= Amritlal Hargovinddas =

Amritlal Hargovinddas (29 August 1889 – 12 December 1964) was an industrialist, textile mill owner and philanthropist from Ahmedabad, India.

==Biography==

He was born in 1899 in a Khadayata Vania family of Vaishnav parents. He did B. Com and L.L.B degrees and started his career as lawyer in firm of Bhaishankar Kanga. But later joined his family business of money-lending (Mahajan) on request of his father.

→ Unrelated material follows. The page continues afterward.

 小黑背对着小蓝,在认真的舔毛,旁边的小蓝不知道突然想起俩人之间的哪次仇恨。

He quickly learned the business and soon became one of the leading industrialists of Ahmadabad and a textile mill owner and also later served as president of the Ahmadabad Textile Mill Owners Association, as chairman of Gujarat State Industrial Finance Corporation and various other organizations. He held close friendship and association with another textile magnate of the town, Kasturbhai Lalbhai, and both later joined together for many philanthropic works for the town, especially in field of education. Amritlal Hargovinddas was responsible for bringing truce between Katurbhai Lalbhai and Vadilal Lallubhai Mehta, both business rivals. He also had very close friendly relations with national leaders like Mahatma Gandhi, Sardar Patel, Kanhaiyalal Munshi and others and donated freely for national purpose.

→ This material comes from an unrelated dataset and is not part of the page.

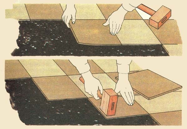 Затем приклеить следующую плитку, слегка поворачивая ее, пока она не ляжет в нужном положении. Таким же образом уложить три или четыре ряда остальной плитки, пока ими не будет покрыта вся поверхность, на которую нанесен клей.

During the drought of 1917 in Gujarat and the floods of 1927, Amritlal Hargovinddas spent his money for the help of poor and needy. Later on he joined with Kasturbhai Lalbhai and Ganesh Mavlankar to start the Ahmadabad Education Society in 1936, which later evolved into the Gujarat University. Further, he and his brother Tribhovandas Hargovandas gave a donation in 1936 in memory of their father Hargovandas Lakshmichand to start this college named H. L. College of Commerce. Further, he donated ₹5 lakh in 1946, upon request of Sardar Patel and K. M. Munshi to establish Sheth Bansilal Amritlal College of Agriculture at Anand. and later a sum of ₹15 lakh to start Smt. NHL Municipal Medical College. Also he later donated money to start hospital now named the Smt. Maniben Amritlal Hargovindas Government Ayurvedic Hospital.

He spent most of his wealth on charities and philanthropy. He died in 1964 at Ahmedabad at an age of 75.